We could split the path into letters similar to how we did the autocomplete Trie, but this would result in a Trie with a very large number of nodes and lengthy traversals if we have a lot of pages on our site. A more sensible way to split things would be on the parts of the path that are separated by slashes ("/"). A Trie with a single path entry of: "/about/me" would look like:

(root, None) -> ("about", None) -> ("me", "About Me handler")

We can also simplify our RouteTrie a bit by excluding the suffixes method and the endOfWord property on RouteTrieNodes. We really just need to insert and find nodes, and if a RouteTrieNode is not a leaf node, it won't have a handler which is fine.

Next we need to implement the actual Router. The router will initialize itself with a RouteTrie for holding routes and associated handlers. It should also support adding a handler by path and looking up a handler by path. All of these operations will be delegated to the RouteTrie.

Hint: the RouteTrie stores handlers under path parts, so remember to split your path around the '/' character

Bonus Points: Add a not found handler to your Router which is returned whenever a path is not found in the Trie.

More Bonus Points: Handle trailing slashes! A request for '/about' or '/about/' are probably looking for the same page. Requests for '' or '/' are probably looking for the root handler. Handle these edge cases in your Router.

In [435]:
class RouteTrieNode:
    def __init__(self):
        self.children = {}
        self.handler = "not found handler"
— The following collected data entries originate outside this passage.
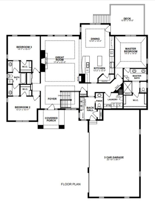 This split ranch features two other large bedrooms with a Jack and Jill bathroom to accommodate two users at once. The Langley has a large mudd room with three cubbies, seating area/drop zone, and a powder room.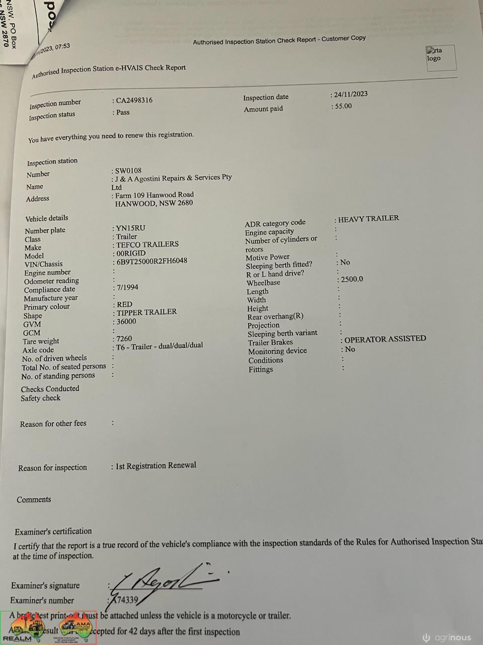 ( Current NSW Roadworthy / Pink Slip Just Completed 24/11/23 )
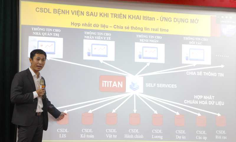 Còn TS Đặng Văn Cường lại mang đến Hội trường một góc nhìn khác với “Câu chuyện từ mã nguồn mở đến ứng dụng mở của nền tảng iTitan trong khoa học dữ liệu và ai y tế”. Theo đó, một số giải pháp được đưa ra ở đây là mô hình Data WareHouse; Data Lake, Data Lakehouse (từ năm 2020), đặc biệt mô hình Data Lakehouse - một cách tiếp cận “mới xuất hiện trong thời gian gần đây” nhằm tạo ra DataLake có sự kết hợp xuyên suốt về lưu trữ, phân tích và tạo ra dữ liệu “nghiệp vụ” từ mọi dữ liệu.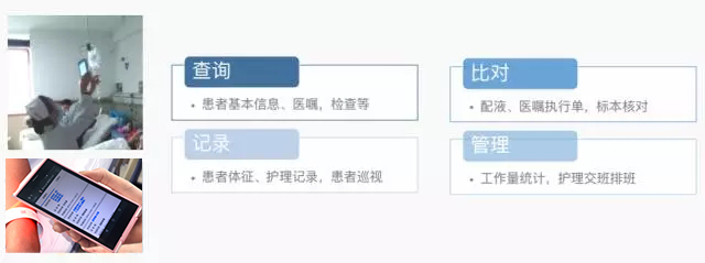 醫(yī)院的護士在日常操作中,每個環(huán)節(jié)都通過移動護士去記錄。在此過程中,移動護士會將護士的記錄工作,加上一些系統(tǒng)限制。如護士檢查患者的輸液信息,現(xiàn)階段大多是通過人工去核對,而使用移動護士,可以直接掃碼核對。同時,移動護士會強制要求患者的輸液瓶簽和患者腕帶之間一一對應(yīng),這就相當于增加了一個自動化的識別判斷,讓更換過程又快又準。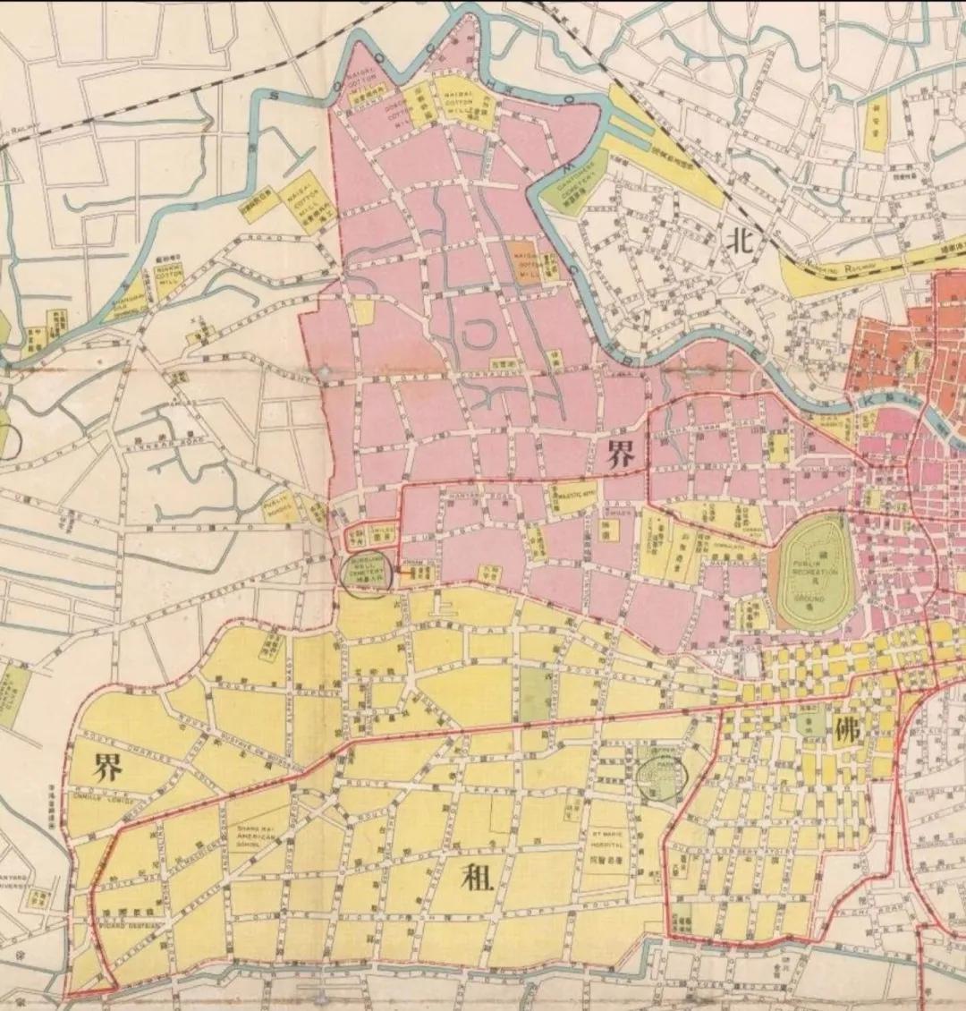 旧法租界(南)和公共租界(北),分界线大致在现在的延安路一线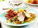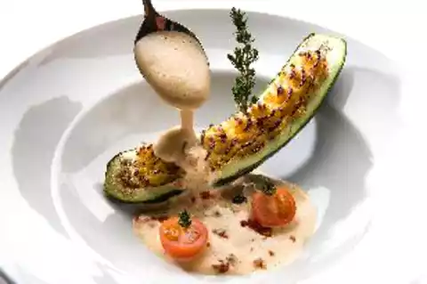 Dresser: Arrange the zucchini au gratin on preheated (pasta) plates and nap the tomato sabayon. Use halved cherry tomatoes and twigs of thyme to garnish.

    def insert(self, chars):
        self.children[chars] = RouteTrieNode()

    def is_leaf(self):
        return self.children == {}

class RouteTrie:
    def __init__(self, root_handler):
        self.root = RouteTrieNode()
        self.root.handler = root_handler

    def insert_recursively(self, arr, node, handler):
        """Inserts an array of elements into the trie"""
        # Do nothing if the length of the array is 0
        if len(arr) == 0:
            return

        # If the element is not yet in the Trie, create a new child node for the element
        if arr[0] not in node.children:
            node.children[arr[0]] = RouteTrieNode()
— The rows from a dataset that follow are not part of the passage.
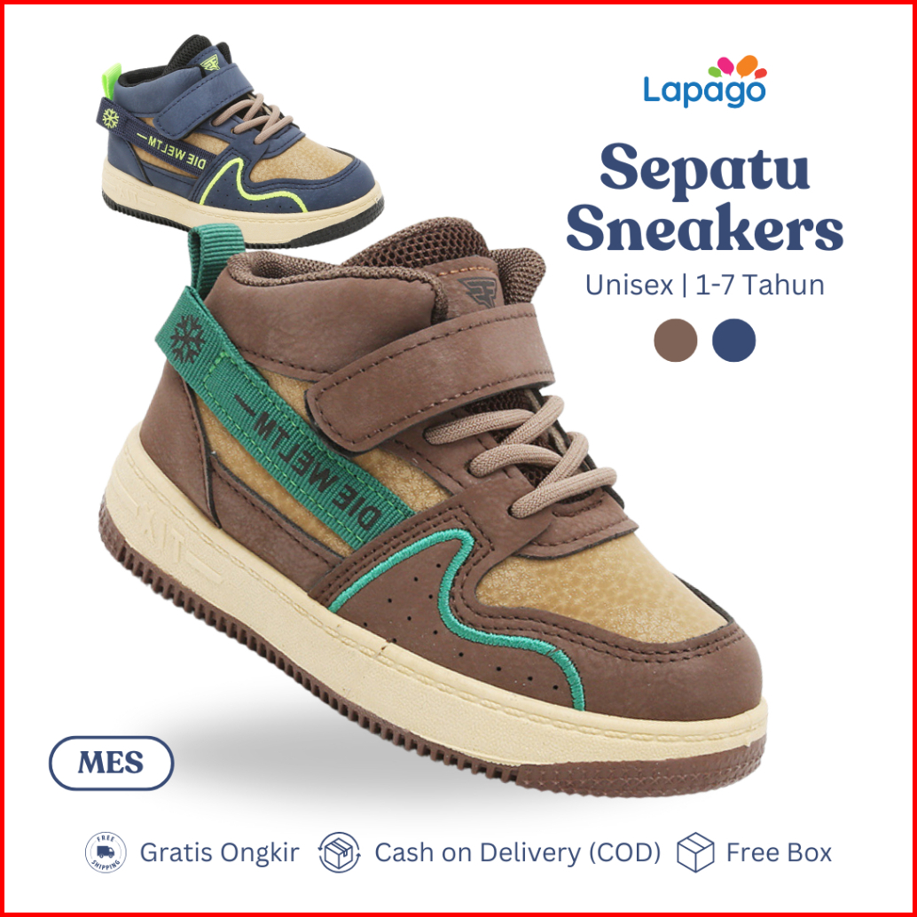 Lapago Free Box Sepatu Sneakers Anak Laki Laki Perempuan Casual Size 1 -6 Tahun Type Mes
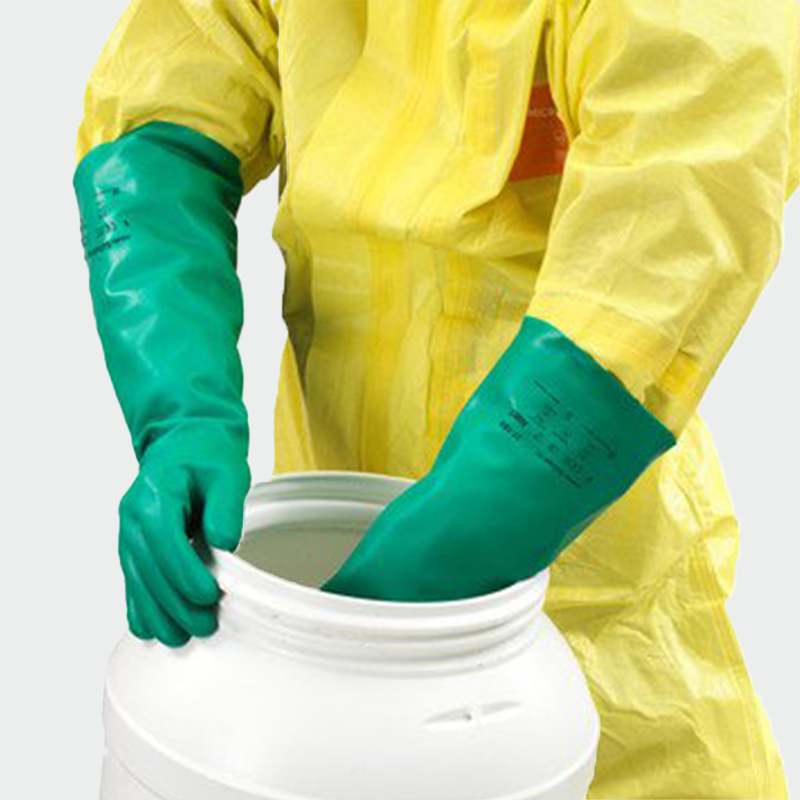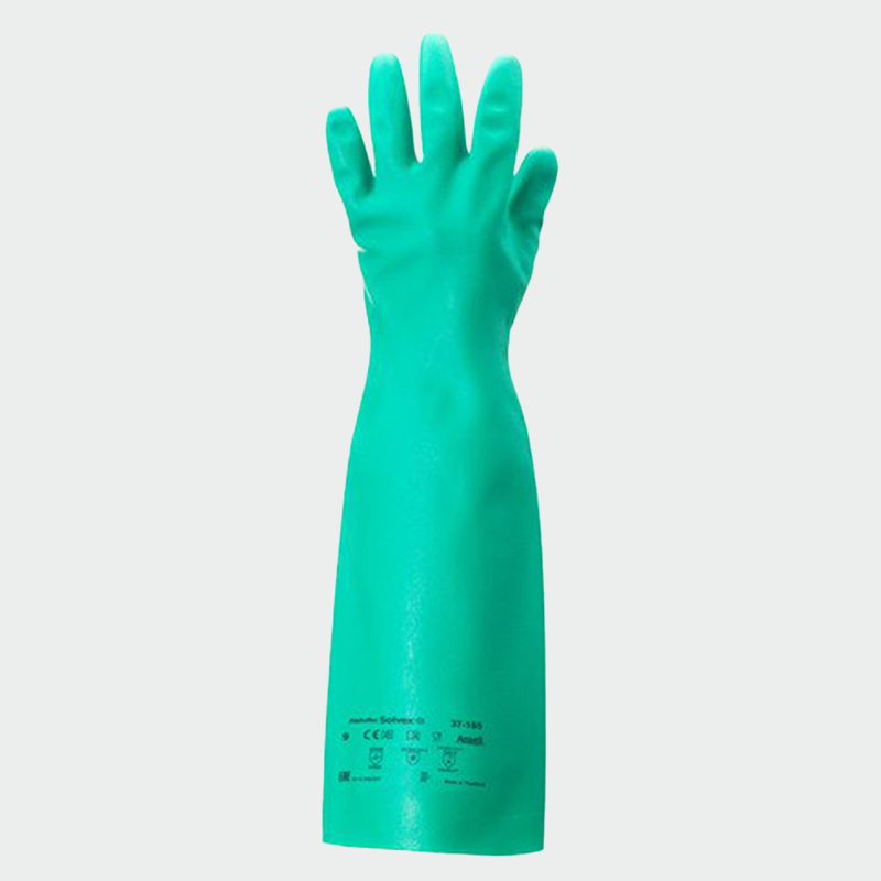 Ръкавиците AlphaTec 37-185 осигуряват надеждна химическа защита по стандарт EN 374 тип А. Изработени от високоефективен нитрил, те са устойчиви на различни химикали и осигуряват отличен комфорт, сцепление и прилягане. С дължина до лакътя, ръкавиците намаляват риска от замърсяване с власинки и отговарят на изискванията за контакт с храни. Подходящи са за професионална употреба в лаборатории, индустрията и хранителния сектор.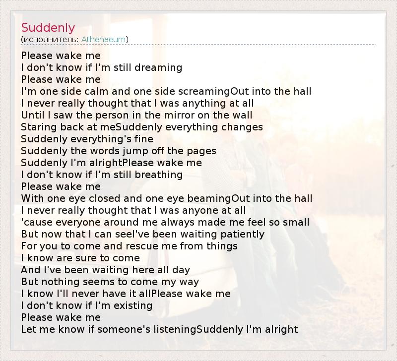 Please wake me I don't know if I'm still dreaming Please wake me I'm one side calm and one side screamingOut into the hall I never really thought that I was anything at all Until I saw the person in the mirror on the wall Staring back at meSuddenly everything changes Suddenly everything's fine Suddenly the words jump off the pages Suddenly I'm alrightPlease wake me I don't know if I'm still breathing Please wake me With one eye closed and one eye beamingOut into the hall I never really thought that I was anyone at all 'cause everyone around me always made me feel so small But now that I can seeI've been waiting patiently For you to come and rescue me from things I know are sure to come And I've been waiting here all day But nothing seems to come my way I know I'll never have it allPlease wake me I don't know if I'm existing Please wake me Let me know if someone's listeningSuddenly I'm alright

        # If only single element in the array, set handler
        if len(arr) == 1:
            node.children[arr[0]].handler = handler

        # Otherwise, recurse by taking a slice of the original array and setting node as the relevant child
        else:
            self.insert_recursively(arr[1:], node.children[arr[0]], handler)

    def insert(self, arr, handler):
        """Inserts an array of elements into the trie"""
        self.insert_recursively(arr, self.root, handler)
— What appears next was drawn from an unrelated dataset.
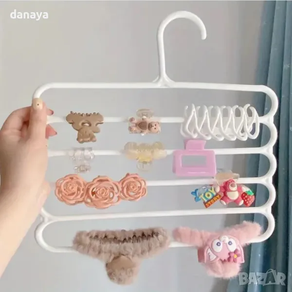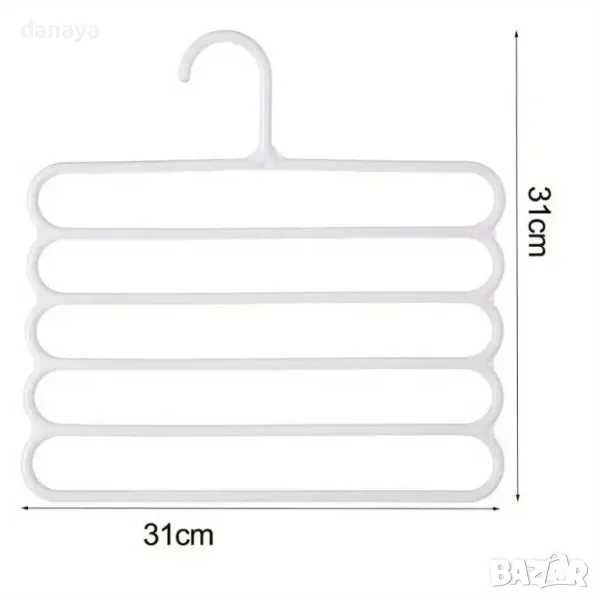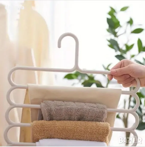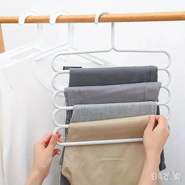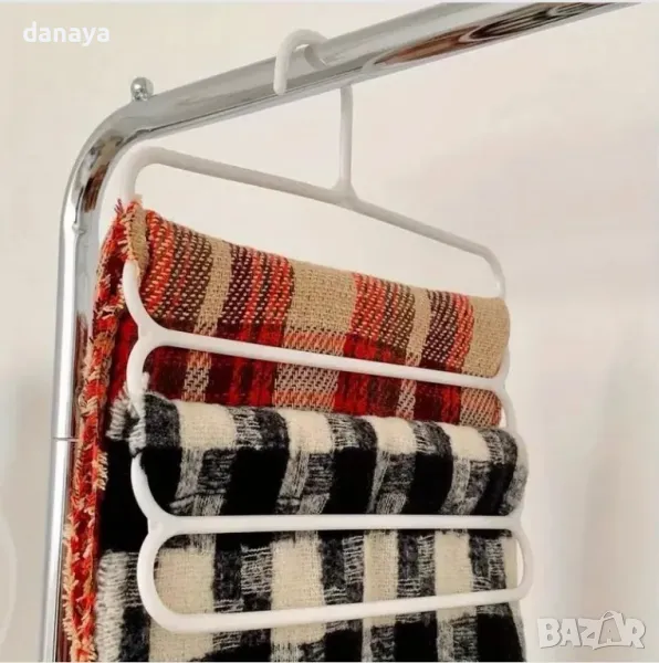 Пластмасова закачалка на 5 нива, подходяща за организиране на дрехи като поли, панталони, шалове и т.н. Удобен начин за съхранение на дрехите в гардероба. Чудесен органайзер за гардероб.

    def find_recursively(self, arr, node):
        """Navigates the trie to find a match for a path given by an array of elements"""
        # If the entire path has been traversed
        if len(arr) == 0:
            return node
        
        # If the path is not found, return not found handler
        if arr[0] not in node.children:
            return None

        # Else, recurse through the tree until all elements in arr have been traversed
        return self.find_recursively(arr[1:], node.children[arr[0]])

    def find(self, arr):
        """Navigates the trie to find a match for a path given by an array of elements"""
        return self.find_recursively(arr, self.root)

class Router:
    def __init__(self, root_handler, not_found_handler):
        """Create a new RouteTrie for holding routes"""
        self.rt = RouteTrie(root_handler)
        self.not_found_handler = not_found_handler

    def add_handler(self, path, handler):
        """Adds handler for a given path into the RouteTrie"""
        self.rt.insert(self.split_path(path), handler)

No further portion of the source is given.